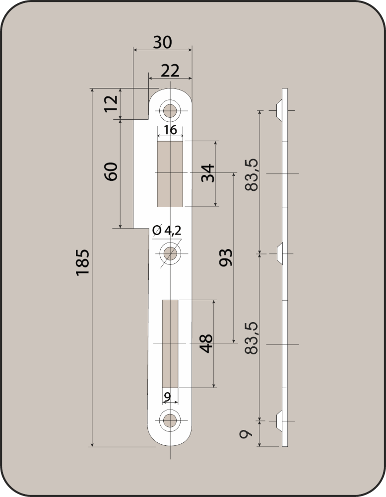 Plech zapadací rovný 90 LEVÝ, rozteč 93mm, délka 185mm, šířka 30mm, povrchová úprava bílý zinek
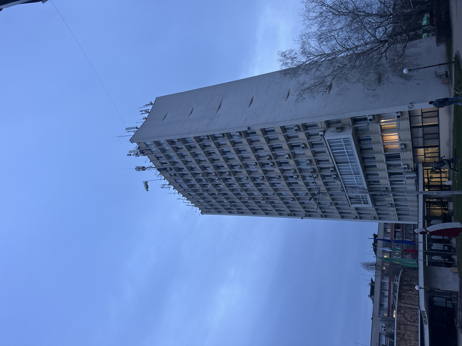- "The scene depicts the Municipal Building in Dimitrovgrad, Bulgaria, under an overcast, light blue-grey sky" by FM-lXaTH3, licensed under CC BY 4.0
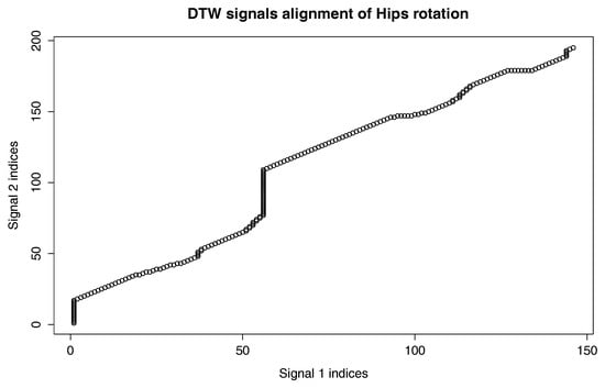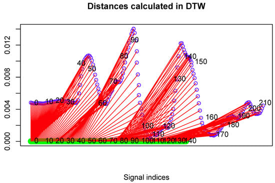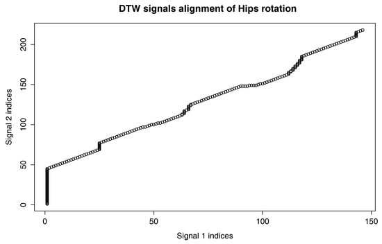 Based on the experiment presented in [28], where the authors evaluated various distance functions in the task of gait identification based on the nearest neighbor classification technique with motion similarity assessment by dynamic time warping, we have chosen Function (1), which gave the best results while using all joints and was the least numerically complicated. Furthermore, visual evaluation of the initial results of application (2)–(4) to DTW done by an expert did not show superiority of any of them over (1).
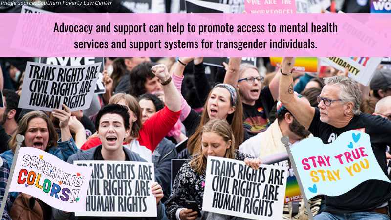 Advocacy and support can help to promote policies that ensure equitable access. Access to healthcare for transgender individuals is important. Also, transgender individuals have higher rates of mental health issues. Some of these include depression, anxiety, and suicidal ideation. Advocacy and support can help to promote access to mental health services and support systems for transgender individuals. Lastly, this helps celebrate diversity. Recognizing and celebrating the diversity of gender identity and expression is essential for promoting inclusion and creating a more accepting society. Advocacy and support can help to promote policies and practices that respect and honor the diversity of gender identity and expression.
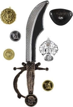 Sættet indeholder et plastsværd, en øjenklap og piratmønter – alt hvad børn behøver for straks at gå på eventyr. Perfekt til kostumer og daglig leg.
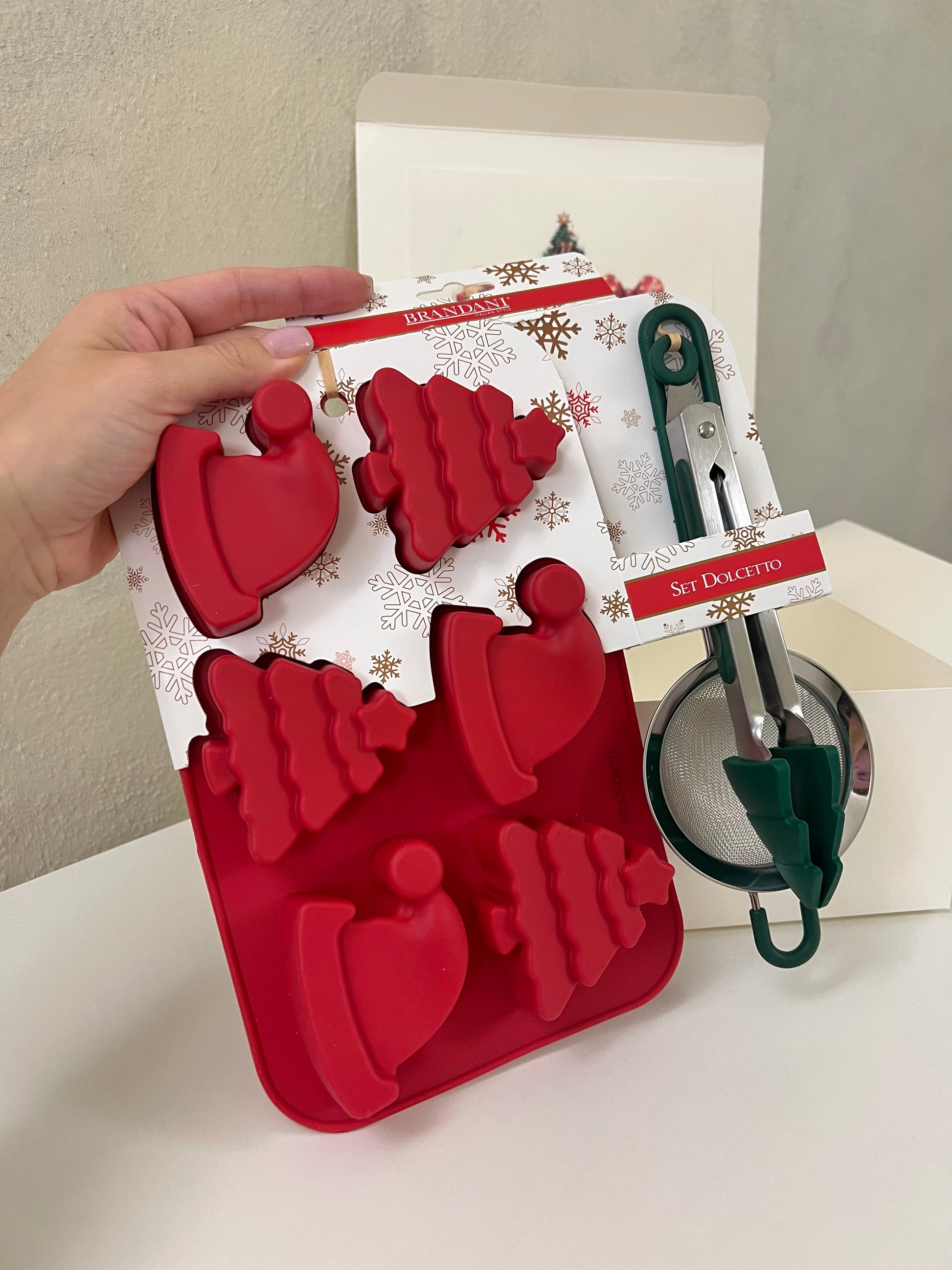 Stampo biscotti natale rosso con pinza in silicone e setaccio inox
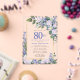 Honre a una mujer especial con esta elegante y femenina invitación de cumpleaños número 80. El número 80 está escrito en gran texto azul. Sigue la celebración de cumpleaños. El nombre de la invitada de honor también está en letras mayúsculas azules. El resto del texto es de un suave gris paloma. Los detalles de la celebración de cumpleaños están rodeados por un marco dorado chic decorado con rosas blancas y flores azules. Los elementos florales están ubicados entre profundas hojas verdes. Aunque es un diseño tradicional, el follaje botánico y el texto abierto y aireado le dan un toque contemporáneo. La parte posterior de la invitación es de un azul profundo apenas perceptible.
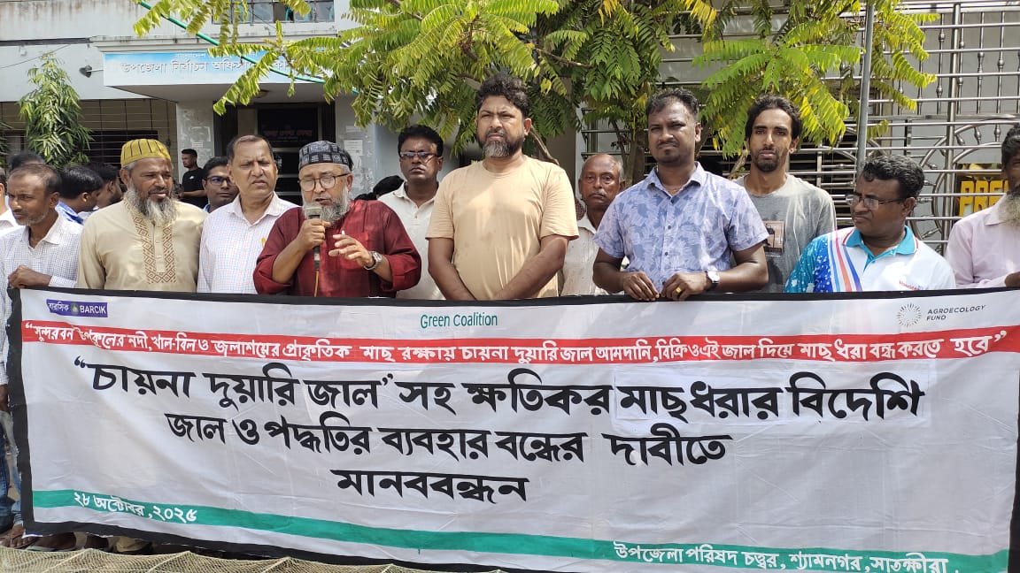 বাংলাদেশের উপকূলীয় নদ-নদীতে “চায়না দুয়ারি জাল”সহ ক্ষতিকর বিদেশি মাছ ধরার জাল ও পদ্ধতি নিষিদ্ধ করার দাবিতে সাতক্ষীরার শ্যামনগরে মানববন্ধন অনুষ্ঠিত হয়েছে। পরে উপজেলা নির্বাহী কর্মকর্তার মাধ্যমে মৎস্য ও প্রাণিসম্পদ মন্ত্রণালয়ের মাননীয় উপদেষ্টার বরাবর একটি স্মারকলিপি প্রদান করা হয়।
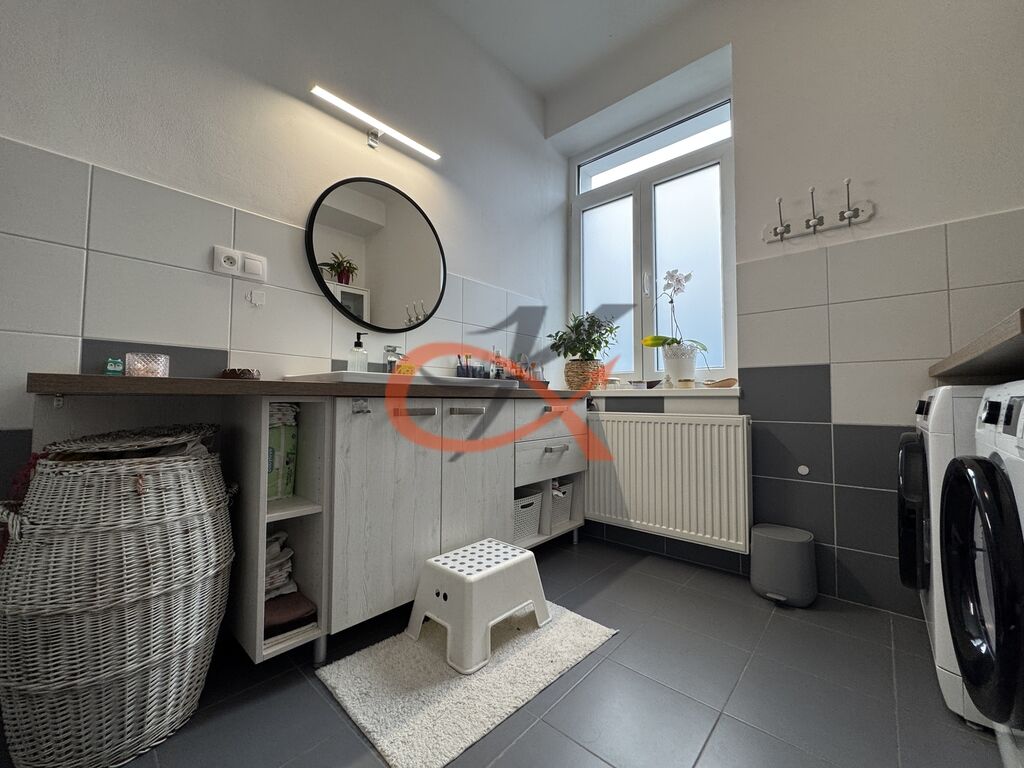 Koupelna s vanou je prostorná a oddělené WC přispívá k pohodlí celé rodiny. Všechny pokoje jsou neprůchozí, což zaručuje soukromí – ideální uspořádání pro ložnici, dětský pokoj a obývací pokoj. Vysoké stropy a dostatek denního světla vytvářejí příjemnou, vzdušnou atmosféru.
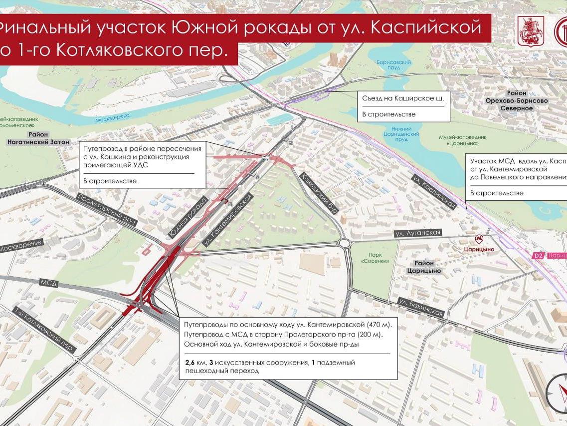 MSD — the Moscow High-Speed Diameter — is a connection between the South-Eastern and North-Eastern Chords. And the Southern Rockade is a highway from Rublyovskoye Highway in the west of Moscow to Verkhniye Polya Street in the south-east of the city. On Kantemirovskaya Street, the two projects intersect.
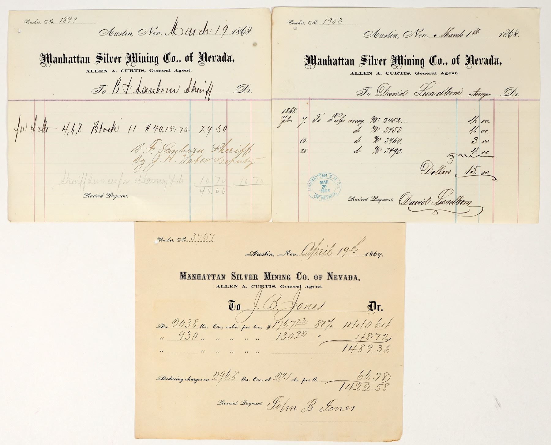 Lot of 3 different. 1868 issued to David Lundbom, assayer. 1868 issued to BF Sanborn, sheriff. And 1869 to John B. Jones.
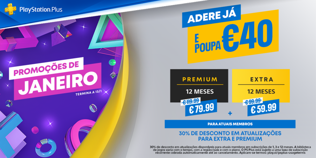 A Sony Interactive Entertainment (SIE) convida todos os jogadores a aproveitarem os últimos dias da promoção nas subscrições do PlayStation®Plus que foi anunciada recentemente. Isto significa que até dia 13 de janeiro, aqueles que aderirem ao PlayStation®Plus e não tiverem uma subscrição ativa no momento, poderão continuar a desfrutar de descontos nas modalidades de 3 e de 12 meses das subscrições Extra e Premium. Uma subscrição de 12 meses do PlayStation®Plus Extra, por exemplo, custa apenas 59,99€ na PlayStation®Store até sexta-feira. Já uma subscrição de 12 meses do PlayStation®Plus Premium custa apenas 79,99€ em vez dos habituais 119,99€ até lá.
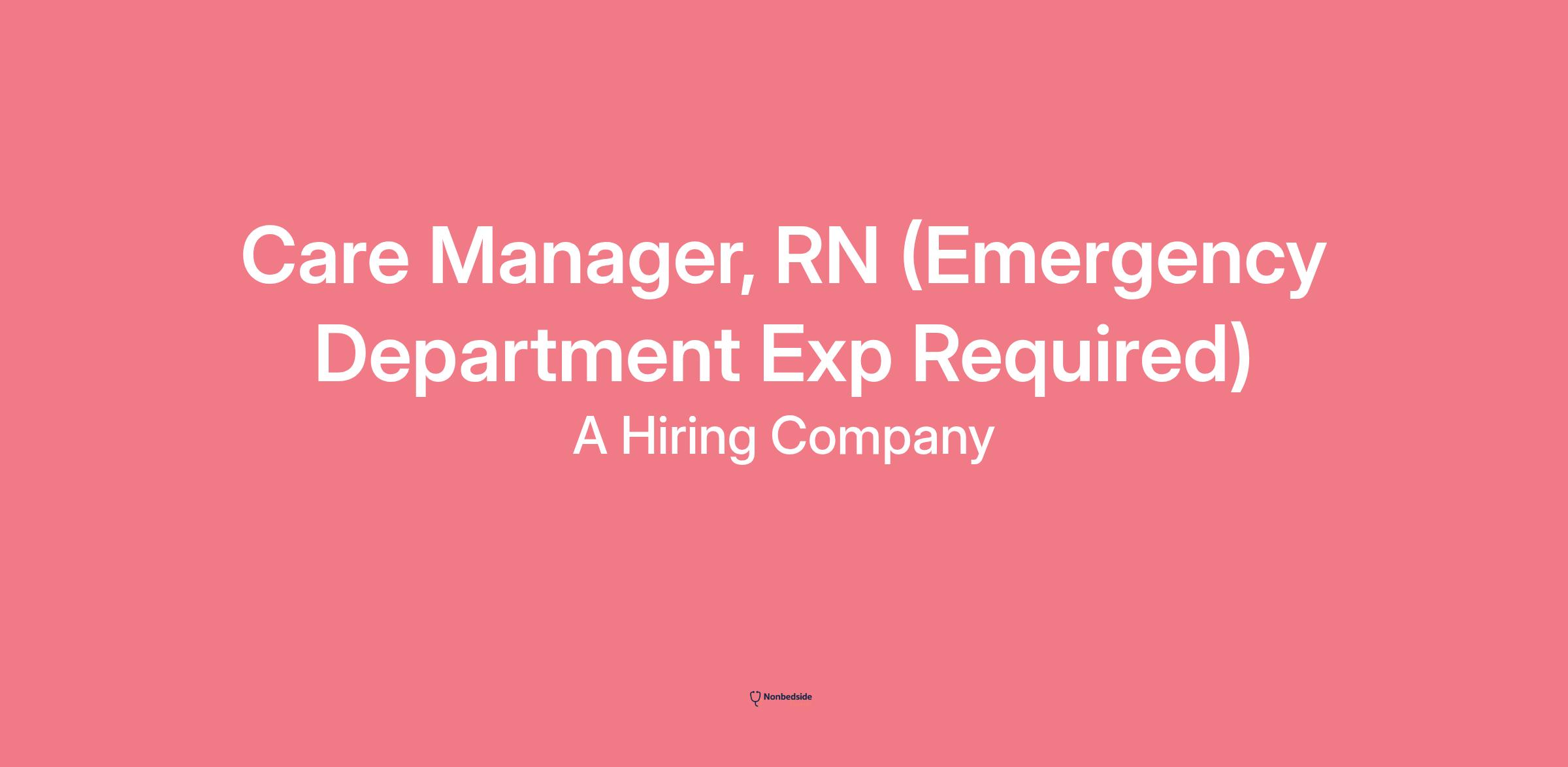 Care Manager, RN (Emergency Department Exp Required) Care Manager, RN (Emergency Department Exp Required) 1 day ago Be among the first 25 applicants

----------

# WORK TO BE COMPLETED
The lines to copy exactly start with the line above that has "Advocacy and support can help to promote policies that" and go on through the line that has "Sættet indeholder et"; please include both, add nothing else, and omit the pictures.

# RESPONSE FOR THIS EXERCISE
 Advocacy and support can help to promote policies that ensure equitable access. Access to healthcare for transgender individuals is important. Also, transgender individuals have higher rates of mental health issues. Some of these include depression, anxiety, and suicidal ideation. Advocacy and support can help to promote access to mental health services and support systems for transgender individuals. Lastly, this helps celebrate diversity. Recognizing and celebrating the diversity of gender identity and expression is essential for promoting inclusion and creating a more accepting society. Advocacy and support can help to promote policies and practices that respect and honor the diversity of gender identity and expression.
 Sættet indeholder et plastsværd, en øjenklap og piratmønter – alt hvad børn behøver for straks at gå på eventyr. Perfekt til kostumer og daglig leg.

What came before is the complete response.